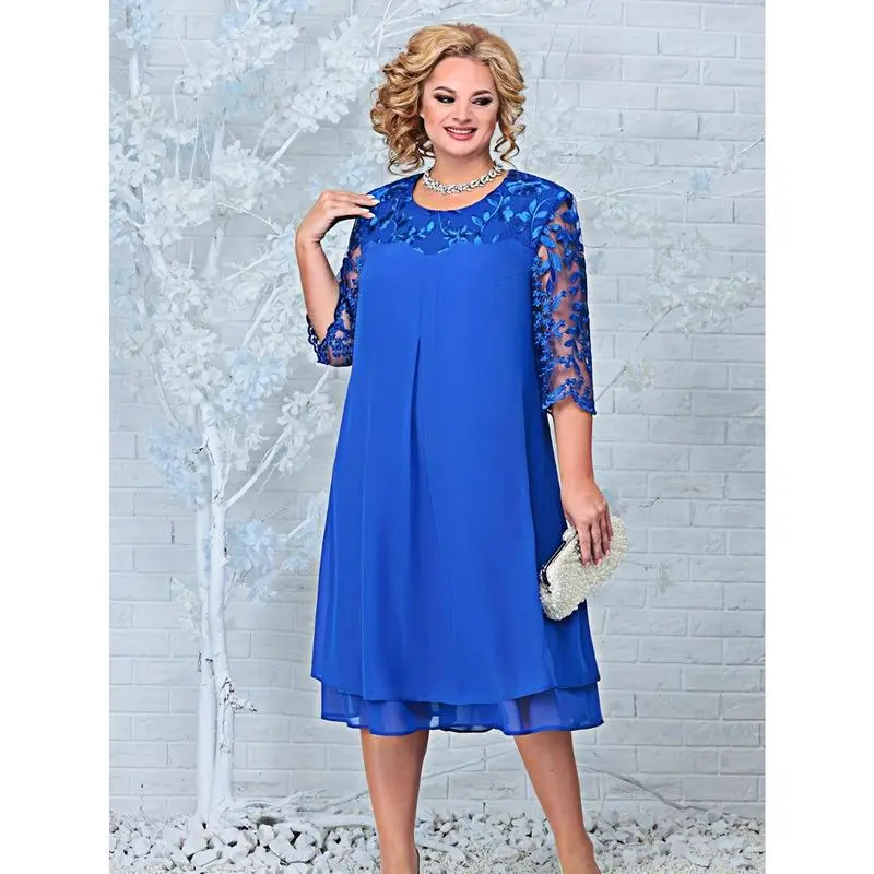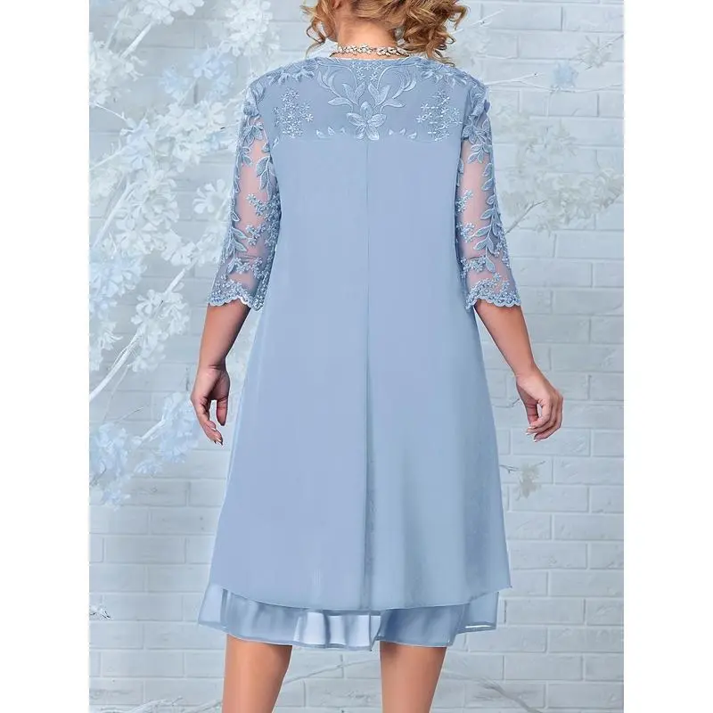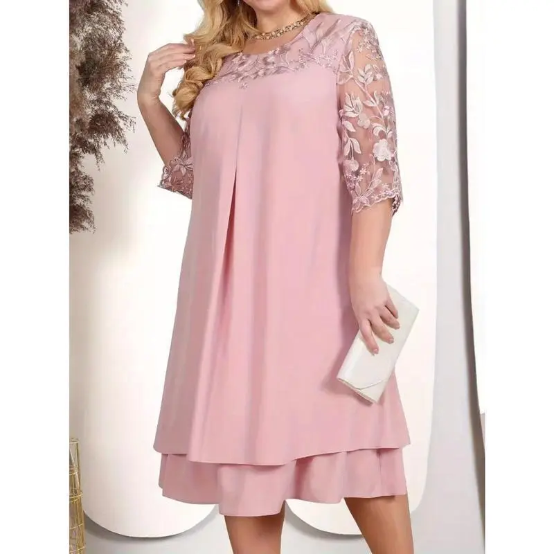 Embroidered Chiffon Dress Elegant Plus Size Mother of the Bride Dress with Round Neck, Short Sleeves, European and American Womenswear Aesthetic Casual Style
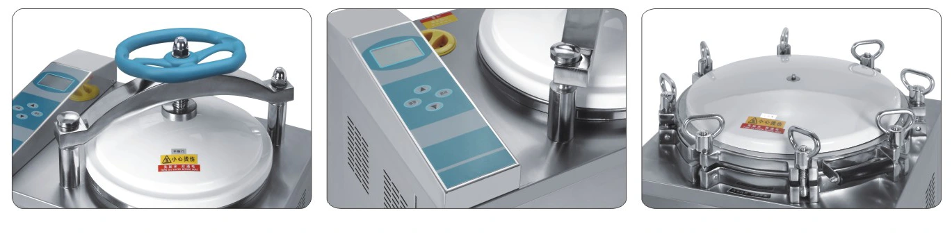 Gli sterilizzatori a vapore a pressione verticale sono assemblati con sistema di riscaldamento, sistema controllato da microcomputer, sistema di protezione da surriscaldamento e sovrapressione, che sono affidabili per gli effetti di sterilizzazione, praticità di funzionamento e risparmio energetico. Sono adatti per sterilizzare attrezzature, medicazioni, contenitori, liquidi, terreno di coltura, rifiuti, ecc. negli ospedali, centri di controllo delle malattie, laboratori biologici P2 e stazioni del sangue, ecc. di istituti di ricerca scientifica.
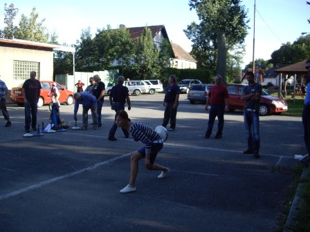 1. místo: Šmoulové Za krásného zářijového odpoledne proběhlo poslední základní kolo v metané vodohospodářských společností klatovského okresu. Scénař byl naprosto stejný jako ve všech ostatních případech: počáteční nedůvěra a rozpaky z neznámého sportu se velmi rychle změnily na bojový zápal, taktizování a vůbec všechno, co ke správnému sportovnímu boji patří. K hladkému chodu turnaje přispělo nemalou měrou i to, že kolegové z VaK Servisu vybrali výbornou asfaltovou plochu, která si v ničem nezadala s povrchem pro regulérní soutěže (což můžeme posoudit, protože jsme na takových hřištích již „metali“) a hra se jim opravdu dařila. (Později, když zápal ze hry dosáhl svého vrcholu, se jim dařilo tak dobře, že jsme měli obavy o osud aut na blízkém parkovišti, naštěstí žádné z nich nedoznalo úhony.) Schéma turnaje jsme volili svým způsobem hybridní, což se nedá dost dobře popsat, ale i přes velmi vyrovnané výkony výsledky byly jednoznačné – vyhráli Šmoulové, na 2. místě se umístili Běloši, na 3. místě Pumy a na 4. místě Černoši (samozřejmě nešlo o rasovou diskriminaci).Volba místa konání se ukázala jako skvělá i z hlediska blízkosti hospůdky, která borce průběžně osvěžovala chlazenými nápoji i výborným gulášem. Galerie: 1 2 3 4 5 6 7 8 9 10 11 12 13 14 15 16 17 18 19 20 21 22 23 24 25 26 27 28 29 30 31 32 33 34 35 36 37 38 39 40 41 42 43 44 45 46 47 48 49 50 51 52 53 54 55 56 57 5815. 07. 2011 - Chudenín - Karpianusová Eva
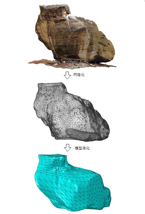 在對紗帽石穩(wěn)定性進(jìn)行評估過程中,市建科院技術(shù)團(tuán)隊(duì)與重慶交通大學(xué)相關(guān)專家經(jīng)過多次溝通,確定了定性分析+數(shù)值模擬的評估方案。評估中定性分析了紗帽石的當(dāng)前所處環(huán)境、形態(tài)特征、結(jié)構(gòu)特征、破壞模式等,作出紗帽石穩(wěn)定性定性分析初步評價(jià)。另外,評估采用三維激光掃描儀,對紗帽石進(jìn)行3D掃描,復(fù)原出紗帽石的三維模型,再將其導(dǎo)入有限元計(jì)算軟件中,建立含有紗帽石的邊坡模型,對其在多種荷載工況下的穩(wěn)定性進(jìn)行了有限元計(jì)算,最終提出了合理的評估和建議。
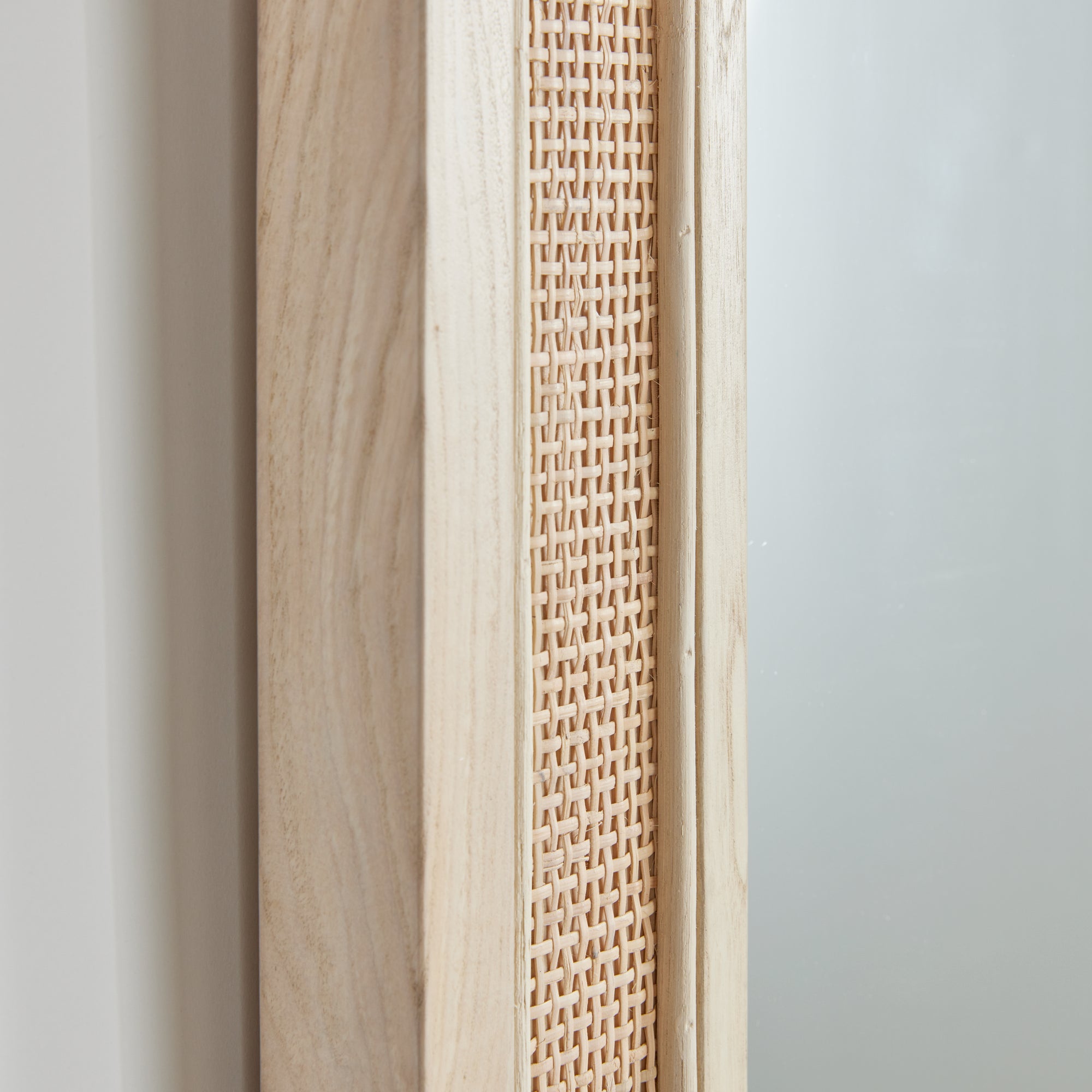 Measuring over five feet high, this mirror is built for drama. With a woven caning inset over sustainably harvested lightweight sungkai wood backing, it is lighter than it looks. A gorgeous wall mirror for entry, powder room or foyer.
•••••
WHAT TO DO:
Write out each entry exactly as given, but skip the pictures.

TASK RESPONSE:
 Embroidered Chiffon Dress Elegant Plus Size Mother of the Bride Dress with Round Neck, Short Sleeves, European and American Womenswear Aesthetic Casual Style
 Gli sterilizzatori a vapore a pressione verticale sono assemblati con sistema di riscaldamento, sistema controllato da microcomputer, sistema di protezione da surriscaldamento e sovrapressione, che sono affidabili per gli effetti di sterilizzazione, praticità di funzionamento e risparmio energetico. Sono adatti per sterilizzare attrezzature, medicazioni, contenitori, liquidi, terreno di coltura, rifiuti, ecc. negli ospedali, centri di controllo delle malattie, laboratori biologici P2 e stazioni del sangue, ecc. di istituti di ricerca scientifica.
 1. místo: Šmoulové Za krásného zářijového odpoledne proběhlo poslední základní kolo v metané vodohospodářských společností klatovského okresu. Scénař byl naprosto stejný jako ve všech ostatních případech: počáteční nedůvěra a rozpaky z neznámého sportu se velmi rychle změnily na bojový zápal, taktizování a vůbec všechno, co ke správnému sportovnímu boji patří. K hladkému chodu turnaje přispělo nemalou měrou i to, že kolegové z VaK Servisu vybrali výbornou asfaltovou plochu, která si v ničem nezadala s povrchem pro regulérní soutěže (což můžeme posoudit, protože jsme na takových hřištích již „metali“) a hra se jim opravdu dařila. (Později, když zápal ze hry dosáhl svého vrcholu, se jim dařilo tak dobře, že jsme měli obavy o osud aut na blízkém parkovišti, naštěstí žádné z nich nedoznalo úhony.) Schéma turnaje jsme volili svým způsobem hybridní, což se nedá dost dobře popsat, ale i přes velmi vyrovnané výkony výsledky byly jednoznačné – vyhráli Šmoulové, na 2. místě se umístili Běloši, na 3. místě Pumy a na 4. místě Černoši (samozřejmě nešlo o rasovou diskriminaci).Volba místa konání se ukázala jako skvělá i z hlediska blízkosti hospůdky, která borce průběžně osvěžovala chlazenými nápoji i výborným gulášem. Galerie: 1 2 3 4 5 6 7 8 9 10 11 12 13 14 15 16 17 18 19 20 21 22 23 24 25 26 27 28 29 30 31 32 33 34 35 36 37 38 39 40 41 42 43 44 45 46 47 48 49 50 51 52 53 54 55 56 57 5815. 07. 2011 - Chudenín - Karpianusová Eva
 在對紗帽石穩(wěn)定性進(jìn)行評估過程中,市建科院技術(shù)團(tuán)隊(duì)與重慶交通大學(xué)相關(guān)專家經(jīng)過多次溝通,確定了定性分析+數(shù)值模擬的評估方案。評估中定性分析了紗帽石的當(dāng)前所處環(huán)境、形態(tài)特征、結(jié)構(gòu)特征、破壞模式等,作出紗帽石穩(wěn)定性定性分析初步評價(jià)。另外,評估采用三維激光掃描儀,對紗帽石進(jìn)行3D掃描,復(fù)原出紗帽石的三維模型,再將其導(dǎo)入有限元計(jì)算軟件中,建立含有紗帽石的邊坡模型,對其在多種荷載工況下的穩(wěn)定性進(jìn)行了有限元計(jì)算,最終提出了合理的評估和建議。
 Measuring over five feet high, this mirror is built for drama. With a woven caning inset over sustainably harvested lightweight sungkai wood backing, it is lighter than it looks. A gorgeous wall mirror for entry, powder room or foyer.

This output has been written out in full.